# [Prompt]
Copy out the data below from the line containing "Swiss soprano (b." to the line containing "Zpěvačka Linkin Park", both lines included, with all images left out.
(Provided material)
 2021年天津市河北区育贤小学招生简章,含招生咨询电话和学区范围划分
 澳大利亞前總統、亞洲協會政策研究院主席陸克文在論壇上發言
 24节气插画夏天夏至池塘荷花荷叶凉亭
(End Provided material)
(Provided material)
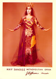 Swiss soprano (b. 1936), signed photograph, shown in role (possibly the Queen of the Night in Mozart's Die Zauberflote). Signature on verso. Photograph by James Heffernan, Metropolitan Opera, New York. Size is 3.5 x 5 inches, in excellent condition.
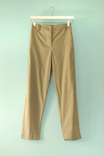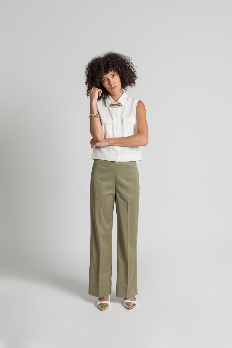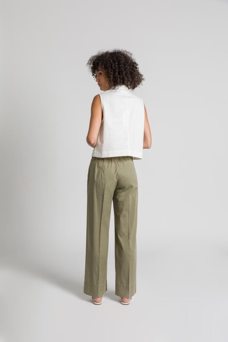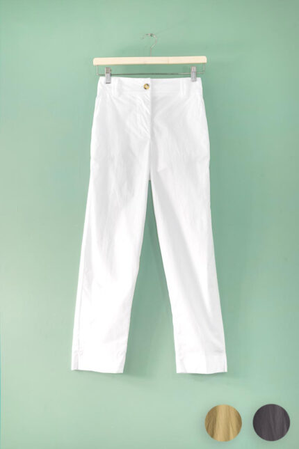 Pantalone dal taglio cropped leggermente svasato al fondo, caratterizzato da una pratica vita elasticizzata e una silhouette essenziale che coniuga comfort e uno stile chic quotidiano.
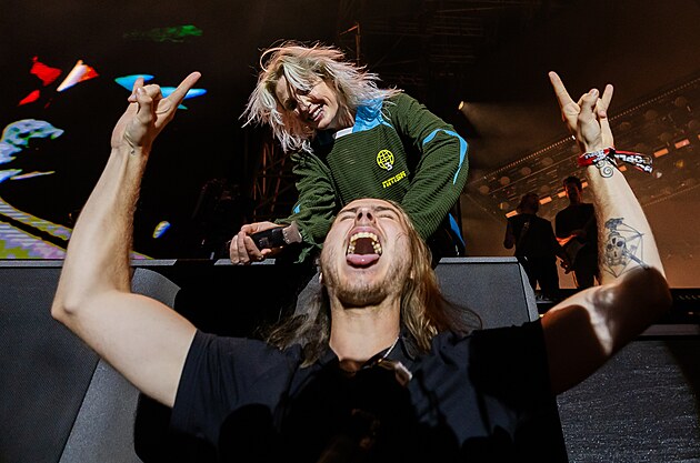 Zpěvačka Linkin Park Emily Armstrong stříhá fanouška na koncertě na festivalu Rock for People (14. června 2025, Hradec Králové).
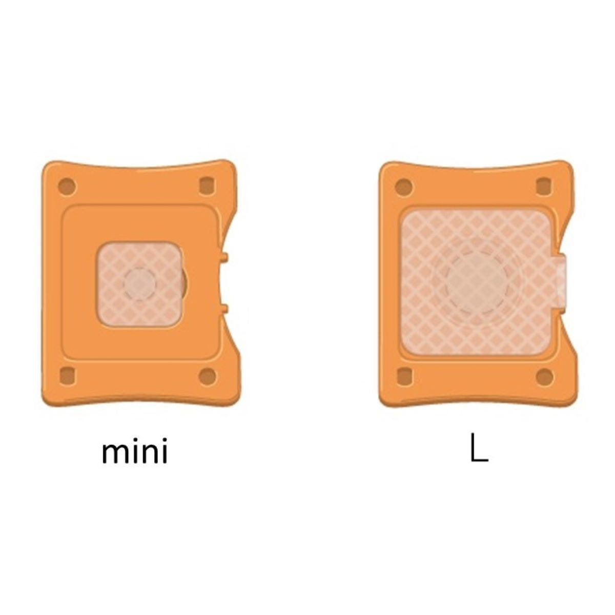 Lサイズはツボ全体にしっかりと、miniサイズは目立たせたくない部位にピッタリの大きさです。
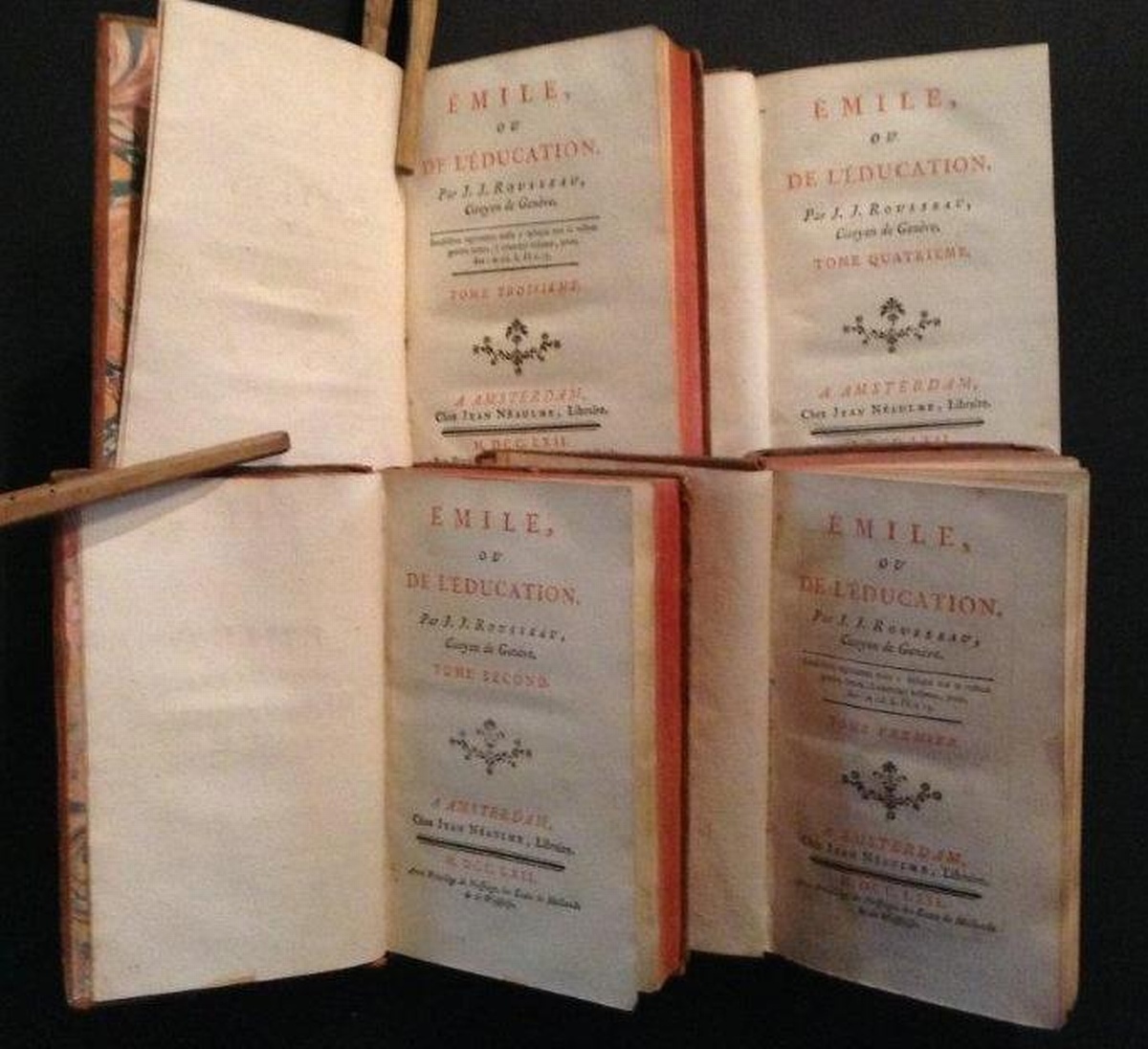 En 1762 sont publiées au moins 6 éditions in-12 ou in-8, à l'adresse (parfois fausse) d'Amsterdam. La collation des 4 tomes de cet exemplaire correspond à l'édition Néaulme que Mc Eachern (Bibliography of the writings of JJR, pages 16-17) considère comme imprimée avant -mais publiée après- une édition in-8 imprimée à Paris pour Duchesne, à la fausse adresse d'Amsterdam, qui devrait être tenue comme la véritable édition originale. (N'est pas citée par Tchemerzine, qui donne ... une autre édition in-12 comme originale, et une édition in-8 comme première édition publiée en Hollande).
(End Provided material)
# [Task solution]
 Swiss soprano (b. 1936), signed photograph, shown in role (possibly the Queen of the Night in Mozart's Die Zauberflote). Signature on verso. Photograph by James Heffernan, Metropolitan Opera, New York. Size is 3.5 x 5 inches, in excellent condition.
 Pantalone dal taglio cropped leggermente svasato al fondo, caratterizzato da una pratica vita elasticizzata e una silhouette essenziale che coniuga comfort e uno stile chic quotidiano.
 Zpěvačka Linkin Park Emily Armstrong stříhá fanouška na koncertě na festivalu Rock for People (14. června 2025, Hradec Králové).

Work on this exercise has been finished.